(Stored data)
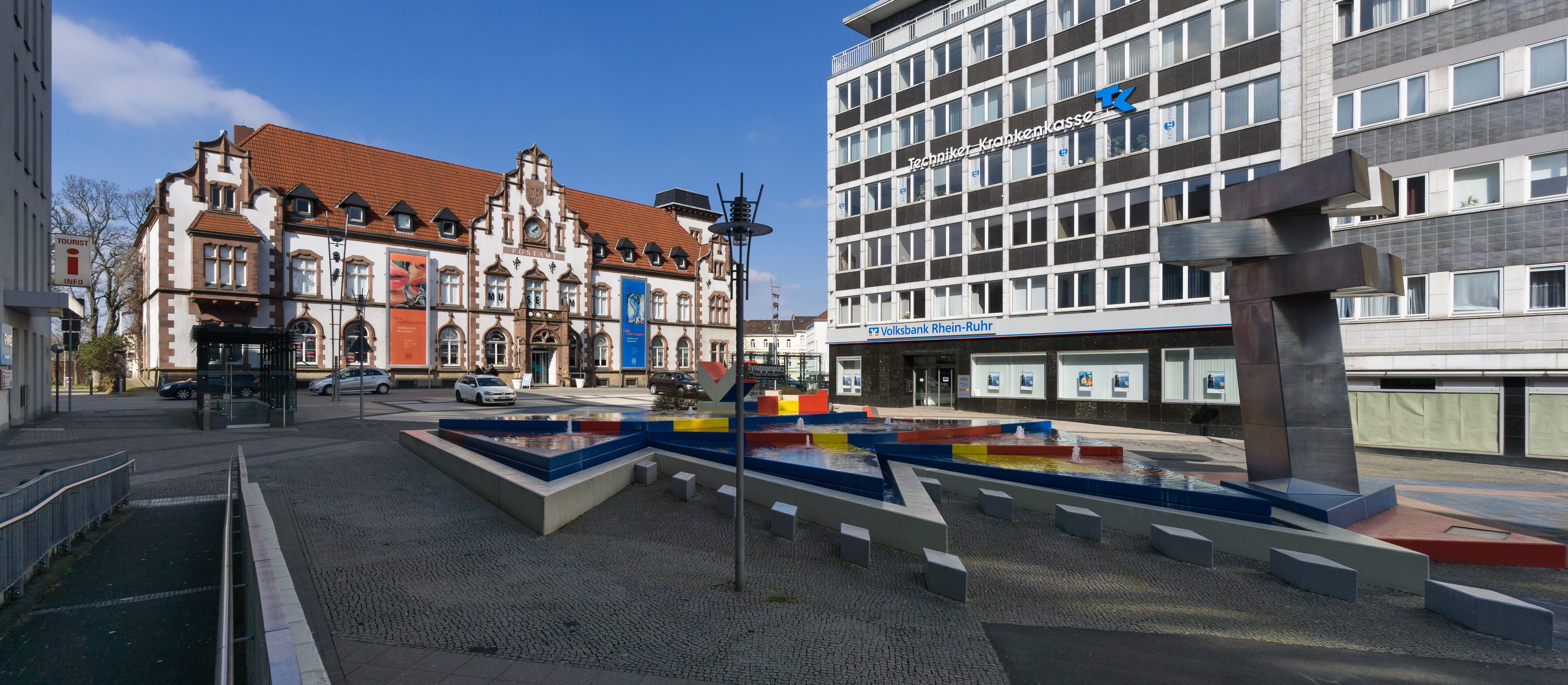 Synagogen square with Old Post Office (Alte Post) with Hajek fountain in Mülheim
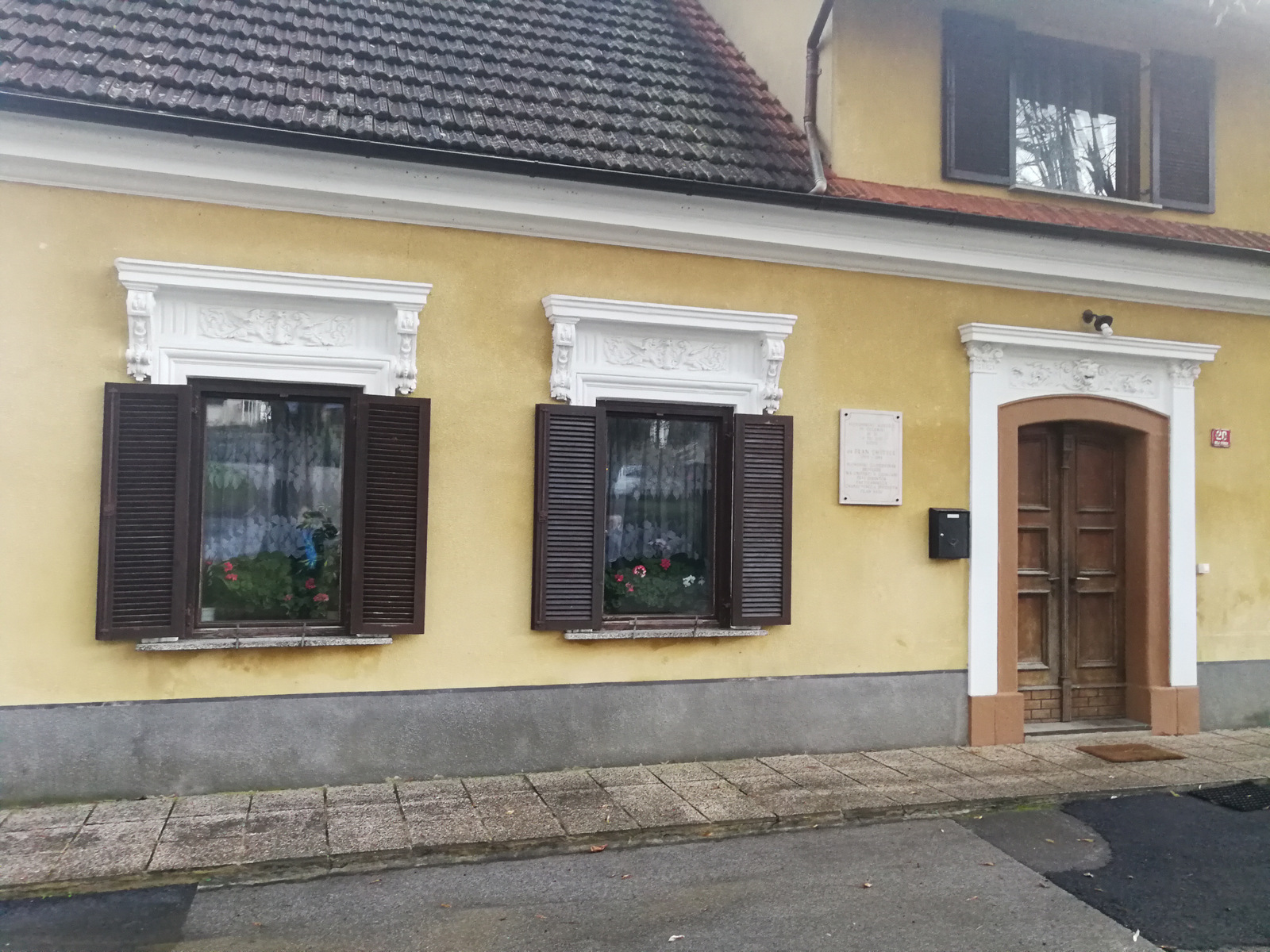 Rojstna hiša Frana Zwittra v Beli Cerkvi
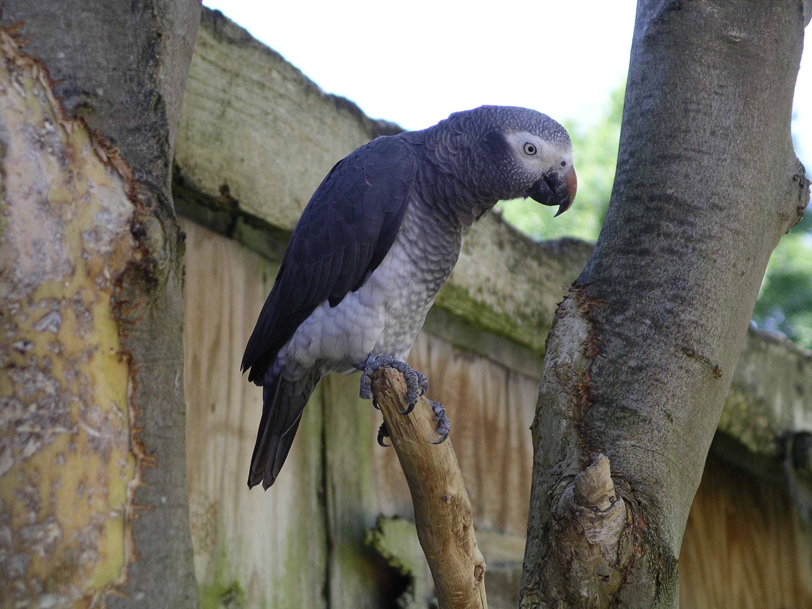 A Timneh African Grey Parrot that is allowed to fly free in Tropical Birdland, Leicestershire, England.
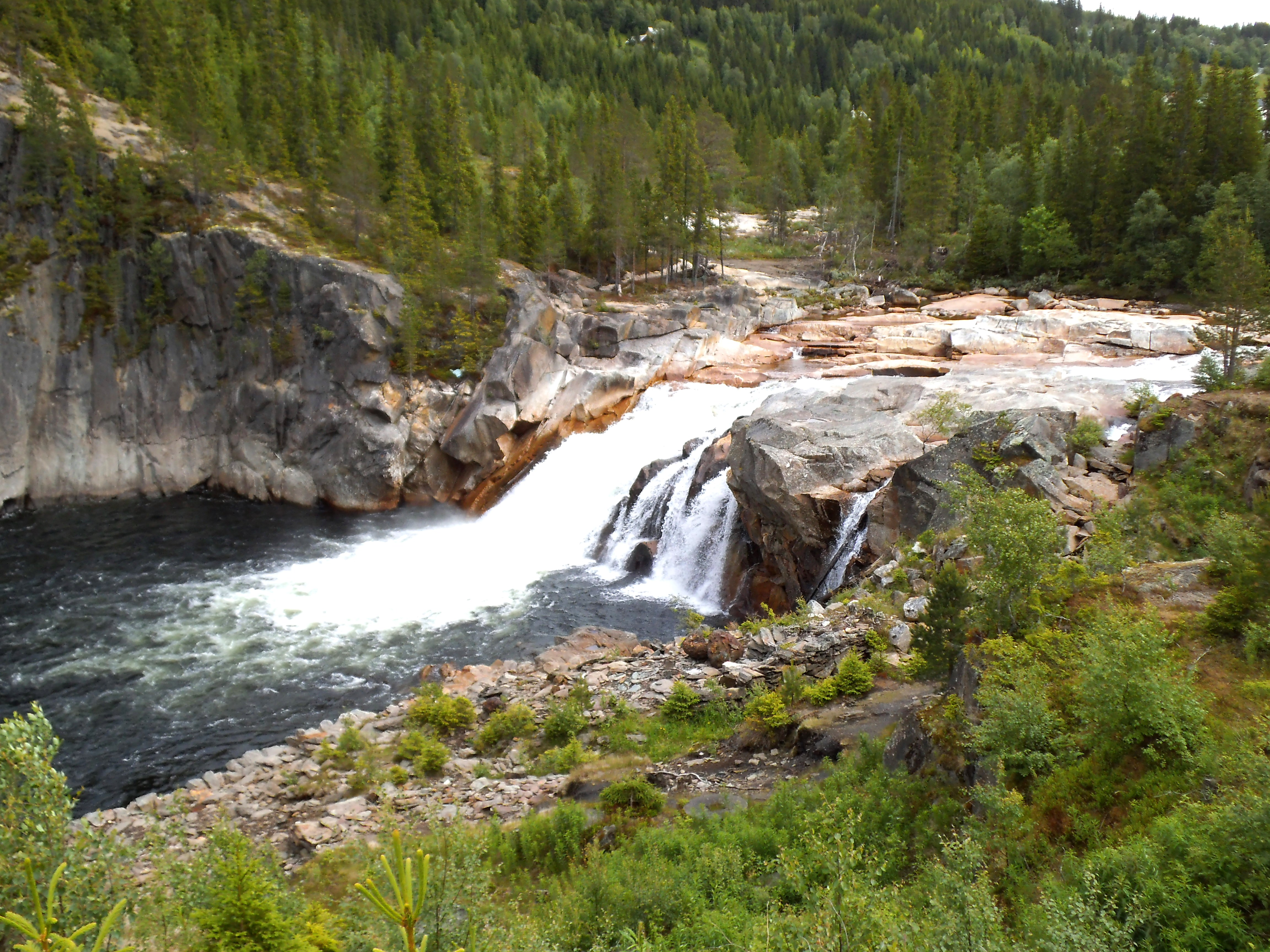 Eafossen is a waterfall in the river Gaula, located in Holtålen, Norway. It was earlier called Hyttfossen.
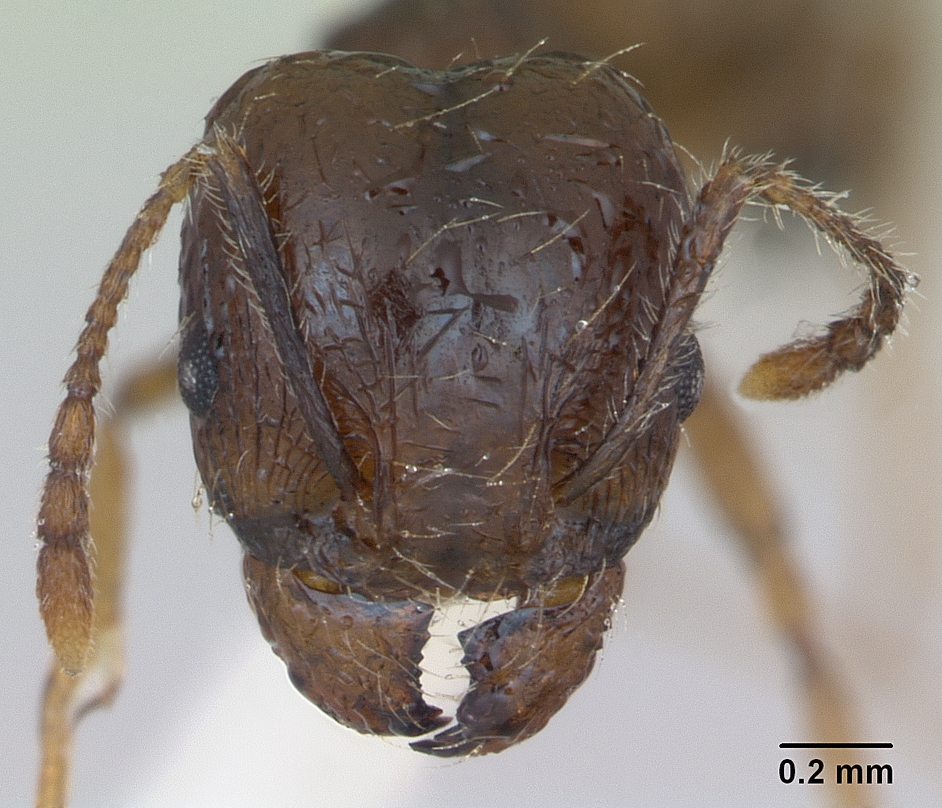 Head view of ant Pheidole williamsi specimen casent0173597.
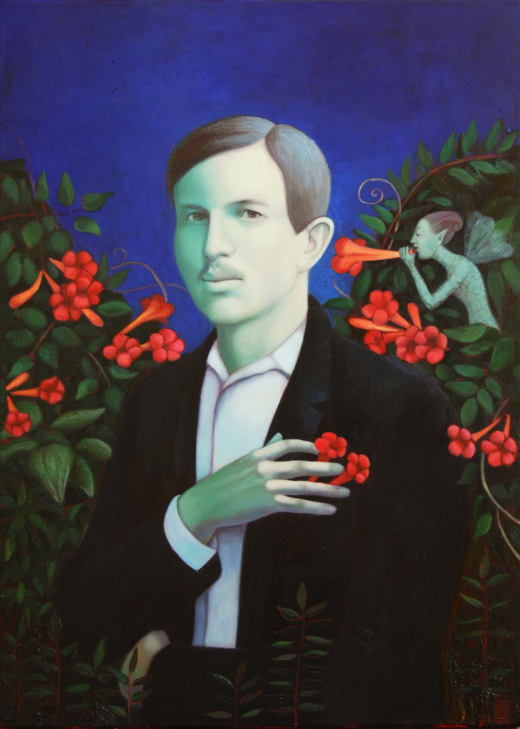 Ferenc Békássy (1893–1915) Hungarian poet

> _PROBLEM STATEMENT_: Please give again only the lines from the one containing "Eafossen is a" through the last line of the entries above, exactly as they stand and without pictures.

> _SOLUTION TO THIS PROBLEM_:
 Eafossen is a waterfall in the river Gaula, located in Holtålen, Norway. It was earlier called Hyttfossen.
 Head view of ant Pheidole williamsi specimen casent0173597.
 Ferenc Békássy (1893–1915) Hungarian poet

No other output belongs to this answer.